5

Driver's License numbers in New Jersey aren't random. They follow the format: Affff lllii mmyye, where A is the first letter of the person's last name, ffff is some mapping of the remaining letters of the last name to a four digit numeric, lll is a mapping of the full first name to a three digit numeric and ii is a code representing the middle initial (according to the below table:

|   | 6 | 7 | 8 |
|---|---|---|---|
| 1 | a | j |   |
| 2 | b | k | s |
| 3 | c | l | t |
| 4 | d | m | u |
| 5 | e | n | v |
| 6 | f | o | w |
| 7 | g | p | x |
| 8 | h | q | y |
| 9 | i | r | z |

Where the number corresponding to the initial is 10*column number + row number. mm corresponds to the month born, and yy to the year born. e is the eye color (a value 1-8 corresponding to BRO, BLU, GRY, GRN, BLK, etc.)

The only thing I don't understand is how the names are mapped to the integer values. I only have 5 examples for the last name mappings: (ignoring the first letter because it doesn't play into the mapping

aab    -> 0001
ackson -> 0062
eals   -> 2024
eimel  -> 2278
ounds  -> 6810

For first names, I only have four:

Alexander -> 019
Richard   -> 655
John      -> 407
Matthew   -> 529

Does anyone have any ideas how the implementation is done, or even a general mapping function that will hash a max 25 length string to a four digit or three digit number while maintaining lexicographical order (<=, not <).

Things I've Tried

Convert each letter to a number 1-26. Then, taking only the first four numbers, create the number by the rule 26^3 * first number + 26^2 * second number + 26 * third + fourth.
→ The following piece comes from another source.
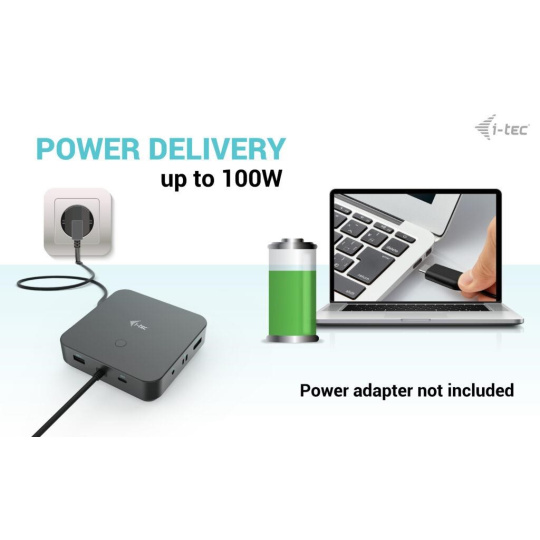 Poskytuje až 100W Power Delivery pre kompatibilné notebooky a tablety s rozhraním USB-C, USB4 a Thunderbolt. Hostiteľské zariadenie musí podporovať USB-C Power Delivery.

Then, divide this number by 26^4 + 26^3 + 26^2 + 26, and multiply by 10000 to map the decimal into 0-9999. This produces the following mappings:

aab -> 0000
ackson -> 0035
eals -> 1547
emiel -> 1722
ounds -> 5695

Get a list of the top 10,000 most common surnames. Order by the second letter, and then check the index. This produces the following mappings:

aab -> 0005
ackson -> 0128
eals -> 2813
emiel -> 3235
ounds -> 7588

Each letter subdivides the 10,000. The first number (according to 1-26) cuts it into one of 26 pieces. The second cuts the piece into one of 26, and so on and so forth. This produces the following mappings:

aab -> 0000
ackson -> 0028
eals -> 1536
emiel -> 1648
ounds -> 5656

Convert each of the first four letters to 1-26. Concatenate all of them, multiply the resulting number by 10,000, and divide by 26262626. This produces the following mappings:

aab -> 0003
ackson -> 0392
eals -> 1908
emiel -> 1953
ounds -> 5792

Do the above with 0-25, divide by 25252525. This produces the following mappings:

aab -> 0000
ackson -> 0008
eals -> 1584
emiel -> 1631
ounds -> 5623

Additional Samples

While I believe all of the above samples are correct, I tried to track down more authentic sample data points. Ones that I can guarantee are below:

Last Names

avis -> 0921
eals -> 2024
olff -> 6247
orello -> 6581

First Names

Alexander -> 019
Andrew -> 042
Gabriel -> 270
Lena -> 456
16
  • 4
    FYI, it might not be a mathematical mapping, but rather an index into a list of common names. To help test this hypothesis, it would be useful if you could find someone with a very uncommon first name and see if its mapping is something like 000 or 999. Oct 14 '14 at 14:47
  • 2
    @AlexBeals: assuming you're a US citizen, can't you file a FOIA request?
    – 0xC0000022L
    Oct 15 '14 at 7:43
  • 2
    @0xC0000022L: It doesn't appear to be completely random. Note that #(Alexander) < #(John) < #(Matthew) < #(Richard), so the numbering respects the lexicographic ordering of the names. Oct 15 '14 at 14:30
  • 1
    Yes, I realize that the other approaches get you close as well. I'm just defending my very first comment above where I suggested it was a possibility that it's not a mathematical mapping. Oct 16 '14 at 17:56
  • 1
    Alex Beals you are correct about Soundex in the sense that it is used to decode the first 4 letters of the Quebec driver's license.
    – DTS
    Aug 18 '20 at 18:38
7

This is not yet a complete answer, but perhaps what I've found can be combined with other information to come up with the complete solution.

First name encoding

If we assume a linear encoding, then we have everything needed to figure this out based on your four samples. If we consider letter values as a=0, b=1, ... regardless of whether they're uppercase or lowercase, your four samples can be turned into four linear equations:

a*0 +b*11+c*4 +d*23 =  19  (Alex)
a*12+b*0 +c*19+d*19 = 529  (Matt)
a*9 +b*14+c*7 +d*13 = 407  (John)
a*17+b*8 +c*2 +d*7  = 655  (Rich)

Since we have four equations and four unknowns, it's easily solved using simple but tedious algebra or in matrix form using Gaussian elimination. (Sorry for the ugly looking math, but unlike other StackExchange sites apparently ReverseEngineering doesn't support MathML, which is unfortunate.)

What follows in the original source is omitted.